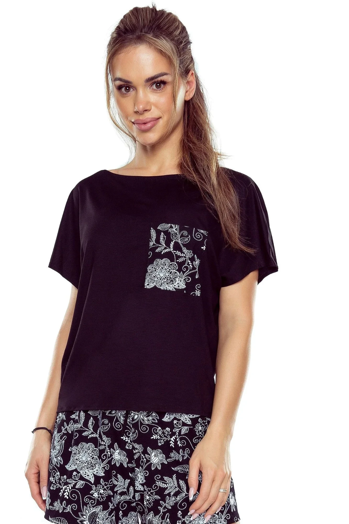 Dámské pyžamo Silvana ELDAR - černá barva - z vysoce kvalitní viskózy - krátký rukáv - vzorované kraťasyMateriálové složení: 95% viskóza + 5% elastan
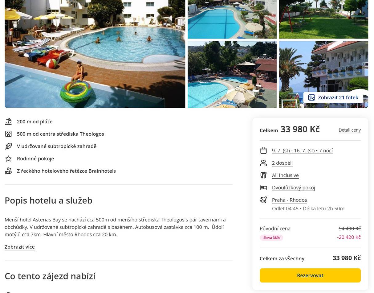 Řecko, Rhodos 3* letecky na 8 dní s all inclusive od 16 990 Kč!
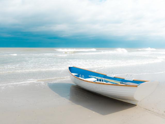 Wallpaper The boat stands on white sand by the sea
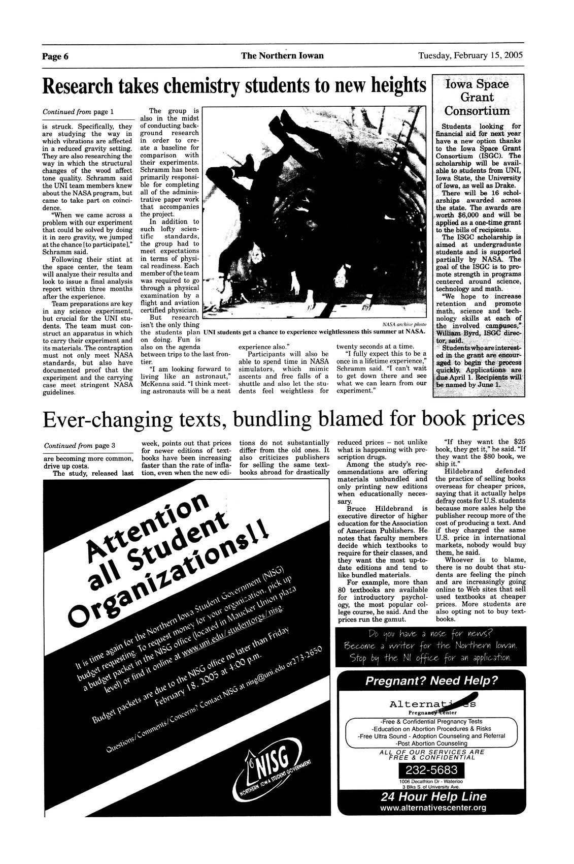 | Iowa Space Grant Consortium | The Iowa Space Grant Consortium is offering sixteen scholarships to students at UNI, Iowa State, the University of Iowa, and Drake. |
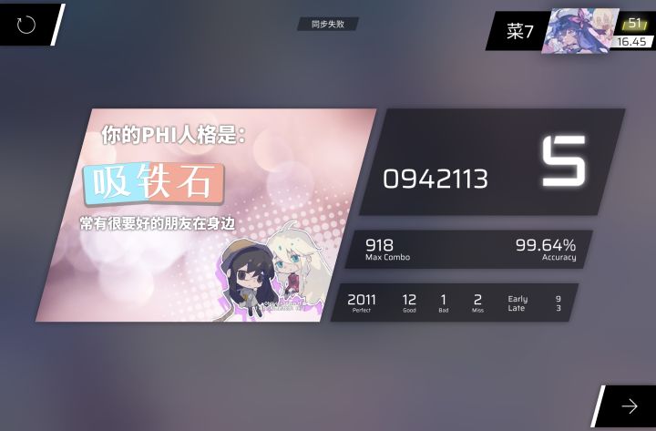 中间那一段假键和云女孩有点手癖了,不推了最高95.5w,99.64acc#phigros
::::
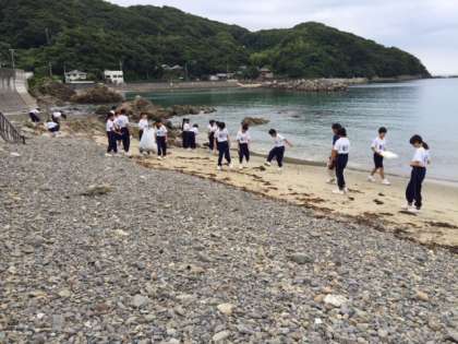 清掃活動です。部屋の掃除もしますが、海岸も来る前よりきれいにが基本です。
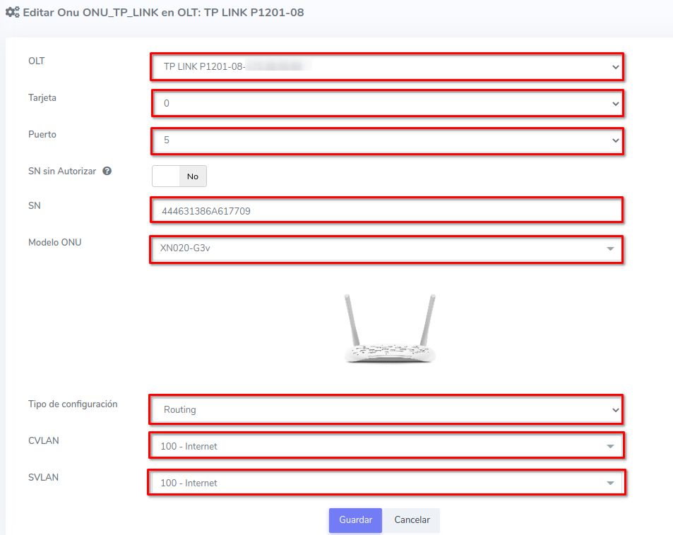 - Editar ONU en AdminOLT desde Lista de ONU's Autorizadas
::::
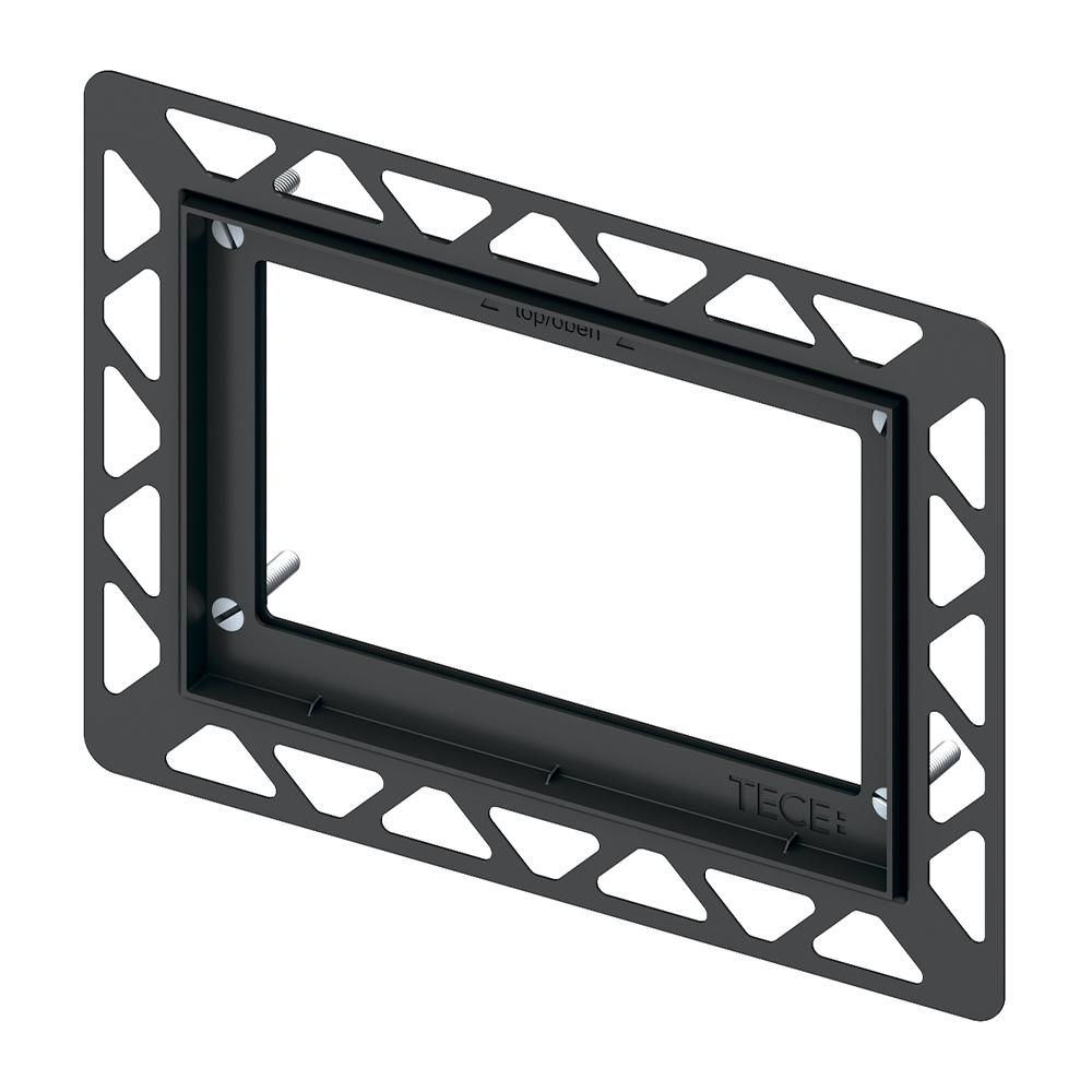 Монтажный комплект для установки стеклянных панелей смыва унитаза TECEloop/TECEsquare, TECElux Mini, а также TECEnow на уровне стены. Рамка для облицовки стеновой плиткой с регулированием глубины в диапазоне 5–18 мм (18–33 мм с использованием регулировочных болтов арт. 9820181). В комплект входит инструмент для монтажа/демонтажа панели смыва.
::::
#### TASK DESCRIPTION
Nothing outside the stretch above, from the line with "Dámské pyžamo Silvana" through the line with "中间那一段假键和云女孩有点手", is set down. Transcribe that stretch exactly, ends included, but not its pictures.

#### SOLUTION BELOW
 Dámské pyžamo Silvana ELDAR - černá barva - z vysoce kvalitní viskózy - krátký rukáv - vzorované kraťasyMateriálové složení: 95% viskóza + 5% elastan
 Řecko, Rhodos 3* letecky na 8 dní s all inclusive od 16 990 Kč!
 Wallpaper The boat stands on white sand by the sea
 | Iowa Space Grant Consortium | The Iowa Space Grant Consortium is offering sixteen scholarships to students at UNI, Iowa State, the University of Iowa, and Drake. |
 中间那一段假键和云女孩有点手癖了,不推了最高95.5w,99.64acc#phigros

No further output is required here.